I’ll talk about our epic zip-lining in the jungle experience on another day; that is on page 4, not six.  This page is all about the trip from Chiang Mai to Koh Chang. 
matching backpacks
First step of our journey is a train ride, for which Sean and I cleverly bought the tickets ahead of time.  Set departure time is 15:00.  So, being the good punctual Canadians that we are, we arrive half an hour early, each of us with our matching backpacks and some foodstuffs for the ride.  Three o’clock comes and goes and there’s no sign of our train.  We sit around and check multiple times that the other trains that have come and gone are not ours, and make sure that we’re waiting at the right tracks.  Eventually we decide to order a meal at the train station restaurant, with giant smoothie-coffee things to keep us happy.  It must be around four thirty that our train finally shows up, purges itself of amazing quantities of passengers, staff, and garbage.  We don’t get a signal to embark, so we keep sitting for another bit while the train sits there doing dick-all.  After some time the train leaves, empty, without us or the other dozens of to-be-passengers waiting around.  A helpful guy working there let us know that the train has left to re-fuel. 

Waiting
Okay, that’s cool.  Makes sense.  I guess we won’t get there if we don’t have fuel.  I don’t remember what time it is that the train came back for real, but I think it was three hours late that we boarded and finally left Chiang Mai.  Which I reckon isn’t so terrible, because it was meant to arrive in Bangkok at like 5am, so at least now we would arrive there at a reasonable hour.  So we thought we’d get there around 8am.  You know, leaving three hours late, arriving three hours late. 

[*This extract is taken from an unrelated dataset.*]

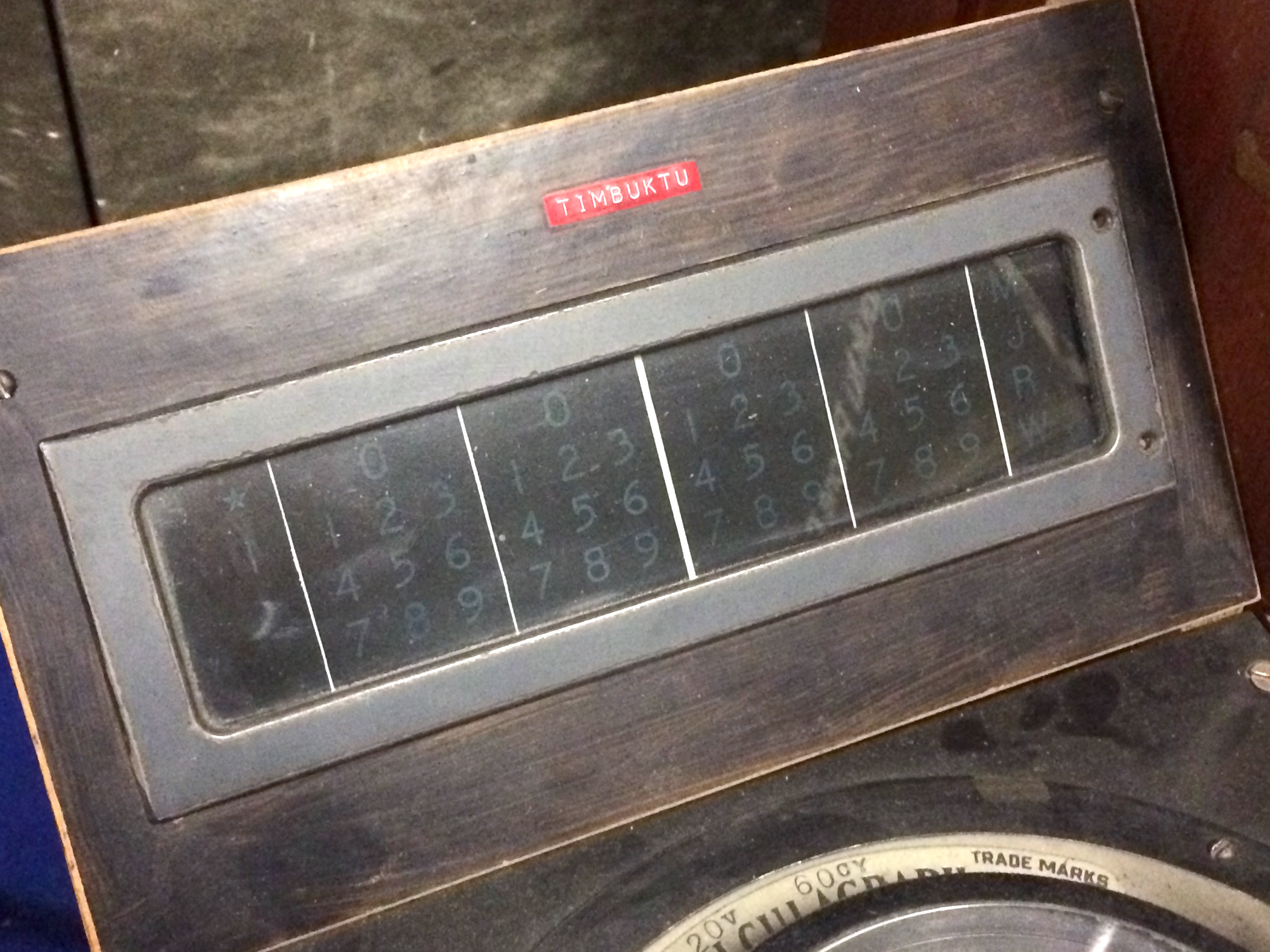 A panel call indicator display. This was used to display the digits a subscriber dialed through a machine switching office to an operator serving a manual exchange. The operator would read the number and complete the call manually by plugging a cord into the appropriate jack on her switchboard. Taken at the Museum of Communications in Seattle, WA.

Convenient sunset to will away the time
But alas, just a couple of hours out of Chiang Mai the train had technical difficulties and stopped for an amount of time that felt like forever - conveniently at sunset, though, with our windows facing the view of the sun setting peacefully over rice fields and hills and some forest.    
Trains, trains are awesome.  I love them.  If I had to choose between airplanes, trains, boats, songthaew, tuktuks, or any other kind of mode of transportation available in Thailand, I’d choose trains.  You get to choose between the different classes, so in Thailand we usually splash out and go for the non-aircon sleeper berth.  Which, when you get into the train looks like normal sets of seats facing each other.  Donna gets into the train with us and sits down at her bench with another traveler across from her.  Sean and I, in another bout of cleverness, didn’t tell her that the benches become beds.  So she’s mentally preparing herself for a night of sitting up face-to-face with a stranger, with whom to share valuable foot space.  We eat some snacks, take some pictures, hang out, and a few hours later the bed-making man comes by.  This guy is awesome.  The first time we saw him, I thought of him as the man that magically transforms the train into a heaven of sleeping wonderfulness. 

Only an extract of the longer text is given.